Keywords: Microchirus variegatus, thickback sole, genome sequence, chromosomal, Pleuronectiformes
Species taxonomy
Eukaryota; Opisthokonta; Metazoa; Eumetazoa; Bilateria; Deuterostomia; Chordata; Craniata; Vertebrata; Gnathostomata; Teleostomi; Euteleostomi; Actinopterygii; Actinopteri; Neopterygii; Teleostei; Osteoglossocephalai; Clupeocephala; Euteleosteomorpha; Neoteleostei; Eurypterygia; Ctenosquamata; Acanthomorphata; Euacanthomorphacea; Percomorphaceae; Carangaria; Pleuronectiformes; Pleuronectoidei; Soleidae; Microchirus; Microchirus variegatus Donovan, 1808 (NCBI:txid90074).
Background
Microchirus variegatus ( Donovan et al., 1802), also known as the thickback sole or lucky sole, is a flatfish belonging to the Soleidae family. It is distributed in the north-east Atlantic Ocean and the Mediterranean Sea ( Amara et al., 1998; Tous et al., 2015). The thickback sole has a slender and elongated oval body shape, but is thicker from side to side. The thickback sole is among the smaller-sized sole species, typically measuring 12 to 15 cm, but can reach up to 20 cm for the older age classes of 10 to 13 years old ( Déniel, 1981). Spawning occurs in springtime, and unlike common soles, the juveniles of thickback soles settle offshore and then migrate inshore ( Amara et al., 1998). The thickback sole species is benthic and can be located on sea-beds consisting of sand and mud, with a preference for coarse sand. It feeds on a wide range of small benthic organisms, mainly crustaceans such as amphipods and shrimp, as well as polychaetes and bivalves.
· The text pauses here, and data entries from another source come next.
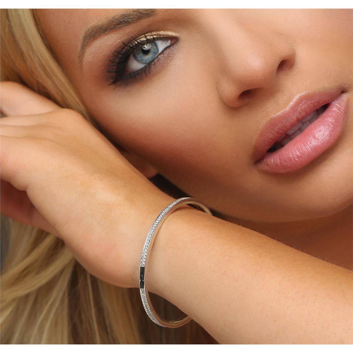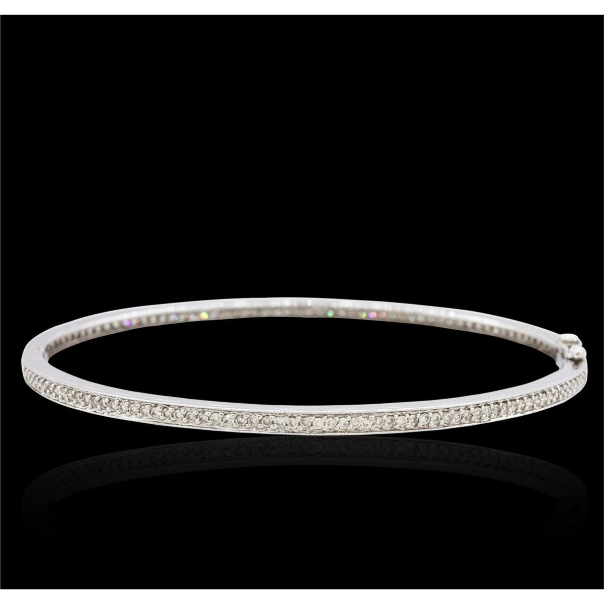 One electronically tested 14KT white gold ladies cast & assembled diamond bangle bracelet. Six and one-half inch wearable length bangle bracelet features mirroring diamond set curvatures supported by a hinged shoulder, completed by a concealed clasp with safety. Bright polish finish with milgrain detailing. Identified with markings of "14K". Condition is new, good workmanship. Containing: One Hundred Twenty-Four bead set round brilliant cut diamonds, measuring 1.30 - 1.30 x 0.78mm (depth est.) approximate total weight of 124 Stones = 1.01ct. Faint brown secondary color throughout. Graded in the setting. Clarity: SI-2 to I-1. Color: J - L. Total Weight of Diamonds 1.01ct. Total Weight of Bangle Bracelet 9.91 grams. AIG Appraised at $4,595.00.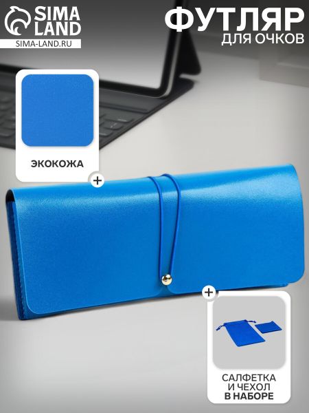 Футляр для очков, чехол, салфетка, синий. Набор для очков: футляр, чехол, салфетка — это все, что нужно для надежной защиты и ухода за вашими очками. В комплект входят удобный футляр для безопасного хранения, мягкий чехол для предотвращения царапин и салфетка для тщательной очистки линз от пыли и загрязнений. Этот набор идеально подходит для повседневного использования, обеспечивая долгосрочную сохранность ваших очков. Футляр надежно защищает от механических повреждений, чехол помогает избежать загрязнений, а салфетка обеспечивает легкую и эффективную очистку без риска повреждения линз. Набор для очков — это практичное и стильное решение для заботы о вашем аксессуаре, обеспечивающее удобство и долговечность в использовании.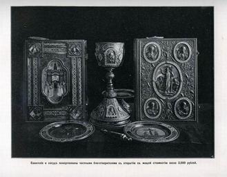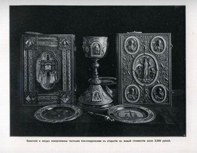 | Keywords: 61. Евангелие и сосуд пожертвованы частными благотворителями к открытию мощей преподобного Серфима.jpg ru Евангелие и сосуд поже твованы частными благотво ителями к отк ытию мощей п еподобного Се афима Стоимость ок 3000 ублей 1904 http //andcvet narod ru/arxan/24/sam html не указан other versions Custom license marker 2014 09 24 PD-RusEmpire Uploaded with UploadWizard Album of the Sarov Hermitage views 1904 | ||||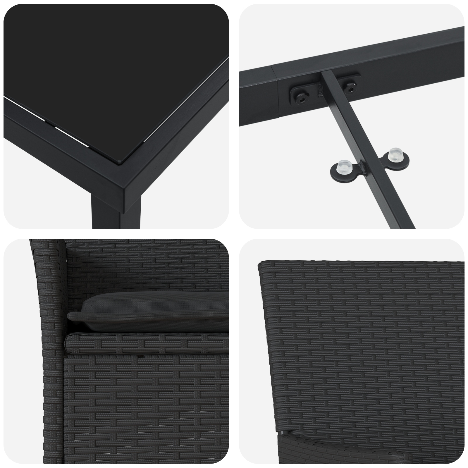 - Poliratan împletit: Setul dispune de o textură fin împletită din poliratan, care nu doar adaugă un strop de eleganță, ci și îmbunătățește durabilitatea. Poliratanul este ales pentru rezistența sa excepțională la razele UV și la condițiile meteorologice, asigurându-se că setul de masă rămâne vibrant și intact, chiar și sub expunere prelungită în aer liber.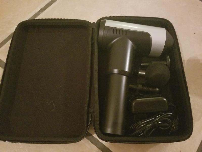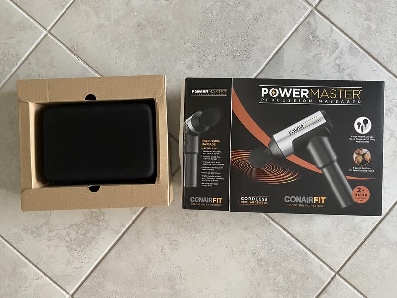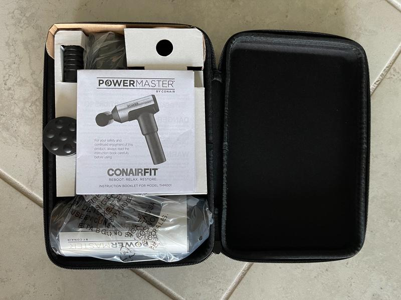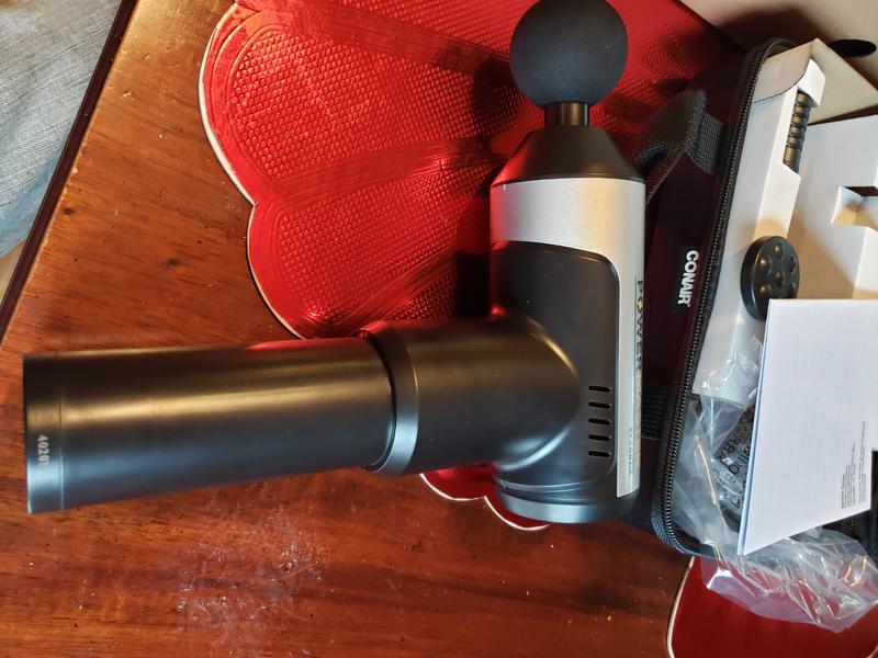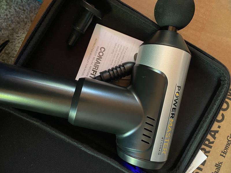 Disclaimer: I received this product in exchange for an honest review. I was very excited to receive this massage gun as I have been a lifelong athlete, have almost continuously sore and tight muscles, and have used a similar product in the past. A friend of mine purchased a similar product through her physical therapist. While this Conair version might not be professional-grade I can hardly tell a difference between this one and the one she bought for twice the price! The variety of tools and power settings means you can use this on pretty much every muscle group as needed. I'm amazed by how long the battery lasts on a single charge with so much continuous use while at high power settings. The storage case is not divided or sectioned for each peace and the charger, but it all fits snugly enough that it doesn't rattle much. Also, the case is soft and formed into a box shape. So, if you are traveling a lot with it, or packing it you might have to be careful. But, for home use it is perfect. I would happily buy this product again for myself, or recommended to someone looking for a similar one.

Less commercially valuable than other flatfish species ( Machado et al., 2020), M. varigatus is currently listed as of least concern by the IUCN red list and is a somewhat common species in its given distributions ( Tous et al., 2015). This chromosome-level reference genome for Microchirus variegatus is the first for this species, and will provide the tools for further study into this species.
Genome sequence report
The genome was sequenced from one female Microchirus variegatus ( Figure 1) collected from RV MBA Sepia (50.25, –4.22). A total of 36-fold coverage in Pacific Biosciences single-molecule HiFi long reads was generated. Primary assembly contigs were scaffolded with chromosome conformation Hi-C data. Manual assembly curation corrected 22 missing joins or mis-joins, reducing the scaffold number by 3.59%.
Figure 1.
Photographs of the Microchirus variegatus (fMicVar1) specimen used for genome sequencing: a) View of the right side of the whole animal, b) View of the head of the right side of the animal, c) View of the left side of the whole animal, d) View of the head of the left side of the animal.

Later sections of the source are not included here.